Copy exactly, and only, the lines between the start of the entries below and the line containing "There is a nice", both inclusive. Omit pictures.

(Records for this task Opens)

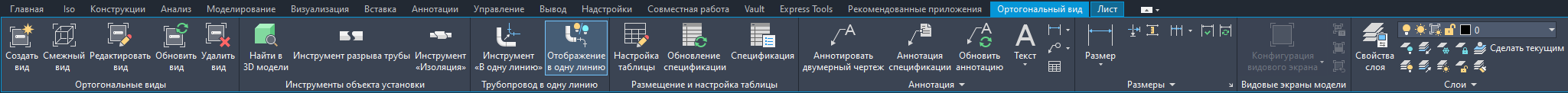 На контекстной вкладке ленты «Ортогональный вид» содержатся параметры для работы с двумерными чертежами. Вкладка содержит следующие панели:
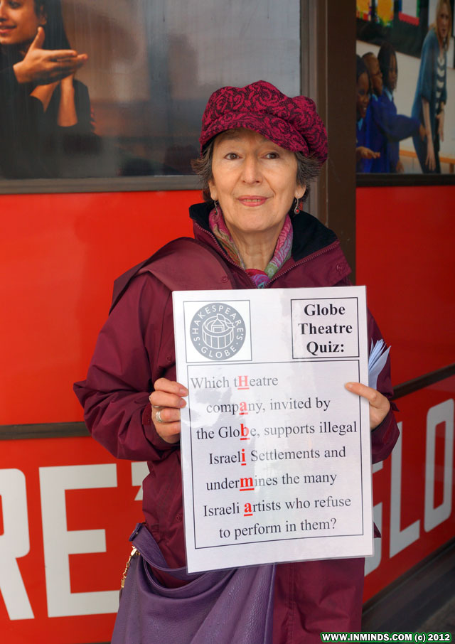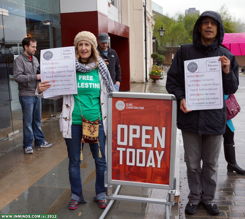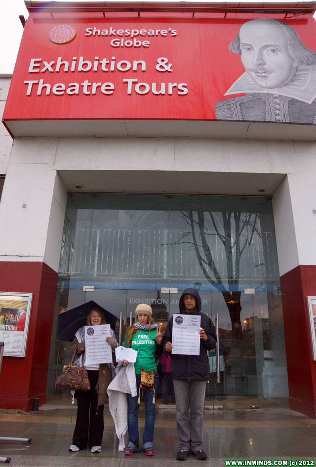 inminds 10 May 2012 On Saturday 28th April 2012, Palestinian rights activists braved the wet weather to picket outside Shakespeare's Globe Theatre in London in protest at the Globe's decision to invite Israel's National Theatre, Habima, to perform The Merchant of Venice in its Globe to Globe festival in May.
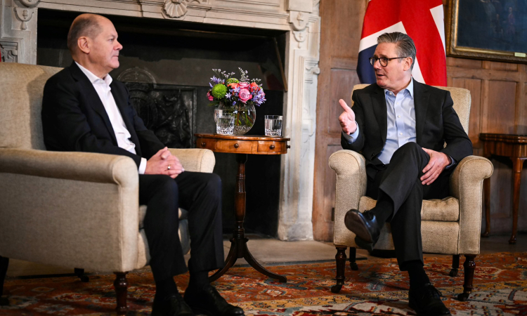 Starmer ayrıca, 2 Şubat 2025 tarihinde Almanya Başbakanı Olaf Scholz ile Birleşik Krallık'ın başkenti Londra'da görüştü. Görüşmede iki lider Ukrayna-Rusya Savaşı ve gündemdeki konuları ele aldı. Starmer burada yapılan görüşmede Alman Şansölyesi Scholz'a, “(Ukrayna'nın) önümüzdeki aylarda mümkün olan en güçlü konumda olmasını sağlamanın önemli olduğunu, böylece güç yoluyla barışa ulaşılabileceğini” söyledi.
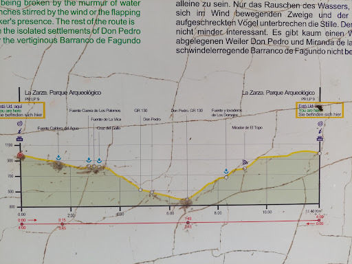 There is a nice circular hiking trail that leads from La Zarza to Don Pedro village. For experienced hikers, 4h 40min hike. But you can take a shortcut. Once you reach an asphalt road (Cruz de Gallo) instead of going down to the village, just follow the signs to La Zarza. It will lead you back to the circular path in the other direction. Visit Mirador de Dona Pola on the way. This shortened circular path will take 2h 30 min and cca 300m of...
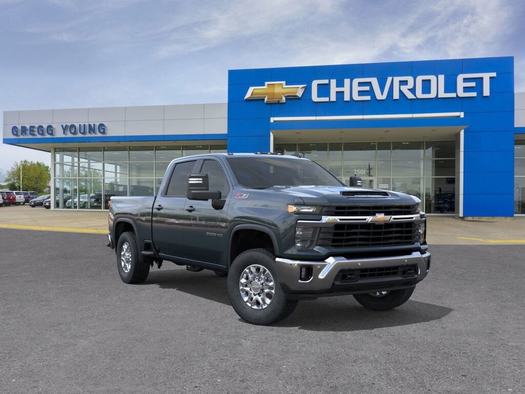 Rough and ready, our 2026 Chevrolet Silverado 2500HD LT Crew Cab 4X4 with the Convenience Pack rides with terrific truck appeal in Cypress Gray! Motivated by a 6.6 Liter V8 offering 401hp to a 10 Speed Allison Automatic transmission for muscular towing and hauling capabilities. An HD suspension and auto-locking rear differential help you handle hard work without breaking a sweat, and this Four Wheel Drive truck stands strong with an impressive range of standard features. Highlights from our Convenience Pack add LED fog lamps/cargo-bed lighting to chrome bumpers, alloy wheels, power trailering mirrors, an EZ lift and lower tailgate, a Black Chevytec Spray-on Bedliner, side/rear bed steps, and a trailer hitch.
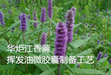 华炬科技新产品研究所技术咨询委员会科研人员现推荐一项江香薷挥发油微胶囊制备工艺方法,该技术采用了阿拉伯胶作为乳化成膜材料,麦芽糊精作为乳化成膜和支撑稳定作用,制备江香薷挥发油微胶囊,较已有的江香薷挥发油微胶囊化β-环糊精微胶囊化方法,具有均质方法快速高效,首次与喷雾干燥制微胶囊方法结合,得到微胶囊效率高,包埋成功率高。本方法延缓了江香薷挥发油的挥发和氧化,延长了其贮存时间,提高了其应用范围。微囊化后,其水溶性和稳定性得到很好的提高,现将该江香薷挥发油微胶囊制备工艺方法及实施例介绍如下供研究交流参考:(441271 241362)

(Records for this task Closes)

Result of the task:
 На контекстной вкладке ленты «Ортогональный вид» содержатся параметры для работы с двумерными чертежами. Вкладка содержит следующие панели:
 inminds 10 May 2012 On Saturday 28th April 2012, Palestinian rights activists braved the wet weather to picket outside Shakespeare's Globe Theatre in London in protest at the Globe's decision to invite Israel's National Theatre, Habima, to perform The Merchant of Venice in its Globe to Globe festival in May.
 Starmer ayrıca, 2 Şubat 2025 tarihinde Almanya Başbakanı Olaf Scholz ile Birleşik Krallık'ın başkenti Londra'da görüştü. Görüşmede iki lider Ukrayna-Rusya Savaşı ve gündemdeki konuları ele aldı. Starmer burada yapılan görüşmede Alman Şansölyesi Scholz'a, “(Ukrayna'nın) önümüzdeki aylarda mümkün olan en güçlü konumda olmasını sağlamanın önemli olduğunu, böylece güç yoluyla barışa ulaşılabileceğini” söyledi.
 There is a nice circular hiking trail that leads from La Zarza to Don Pedro village. For experienced hikers, 4h 40min hike. But you can take a shortcut. Once you reach an asphalt road (Cruz de Gallo) instead of going down to the village, just follow the signs to La Zarza. It will lead you back to the circular path in the other direction. Visit Mirador de Dona Pola on the way. This shortened circular path will take 2h 30 min and cca 300m of...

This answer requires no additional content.